The organisation is hosting a series of ‘Let’s talk about flex’ events at McDonald’s restaurants, where attendees can book one-to-one consultations. The first was held in London on 19 September 2018, with further events planned in Glasgow and Manchester in October and November.

In April 2017, McDonald’s began to offer employees the choice between flexible and fixed contracts with minimum guaranteed hours. The organisation reports that 90% of its staff have chosen to stay on flexible contracts.

McDonald’s recently commissioned a YouGov poll, carried out between 27 and 31 July 2018 among a sample of 1,100 parents in the UK, that discovered that only 5% of parents favour traditional nine-to-five working hours.

Despite the popularity of flexible working, 73% of parents said they did not have the option in their current role.

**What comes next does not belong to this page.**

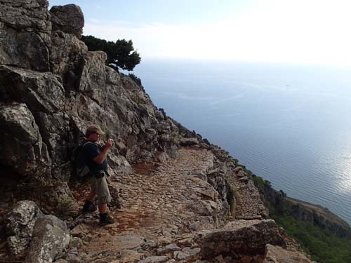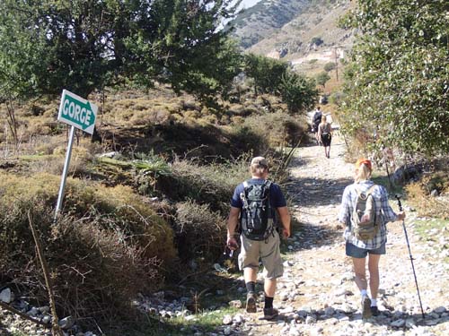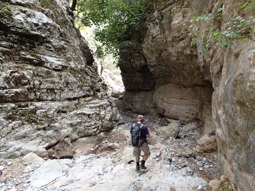 En vandring i en djup dalgång är väl ett måste när man är på Kreta? Imbros Gorge har en speciell historia då den var flyktväg för tusentals brittiska, nya nyzeeländska och australiska soldater 1941 när tyska styrkor hade erövrat nordsidan av ön. Det var i deras fotspår vi skulle följa under dagens burkletarrunda, lämpligt nog började vi med att logga ”Escape Route”.

The research also revealed that 59% of full-time employees with children would prefer to start work between 6am and 8am, while 39% of parents would opt to work longer hours in return for a shorter working week, with the figure rising to 50% for those with children under four years of age.

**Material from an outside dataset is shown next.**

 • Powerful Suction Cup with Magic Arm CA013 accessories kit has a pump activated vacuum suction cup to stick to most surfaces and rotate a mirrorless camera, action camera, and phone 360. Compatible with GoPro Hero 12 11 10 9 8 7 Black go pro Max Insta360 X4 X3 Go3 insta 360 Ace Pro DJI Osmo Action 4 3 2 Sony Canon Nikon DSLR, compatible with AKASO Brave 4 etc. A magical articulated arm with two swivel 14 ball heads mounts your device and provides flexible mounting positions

Gillian Nissim, founder of Working Mums, said: “The potential to rethink how we work, where we work, when we work and why we work is immense, especially for parents. Growing numbers of people with children are feeling frustrated with the strait jacket of working nine to five and want a job that fits better with their commitments outside work.

“This research further illustrates how flexible working can be mutually beneficial for both employees and employers, providing more motivated, loyal and productive employees.”

The first ‘Let’s talk about flex’ event was held in North London, and gave attendees the opportunity to speak with three experts in flexible working: Sue Coe, head of employment at The Equality and Human Rights Commission, Steph Douglas, founder of Don’t Buy Her Flowers, and Ben Willmott, head of public policy at the CIPD.

Whitehouse said: “I have been freelancing for most of my working life but it’s only as a parent that I’ve realised how important some flexibility is and how hard it is for two parents to work full-time in office jobs.

“That is why I’ve been lobbying the government and spreading the word with our ‘Flex appeal’ campaign for three years and we are delighted to be working with McDonald’s using their footprint across the country to help us spread the message further.”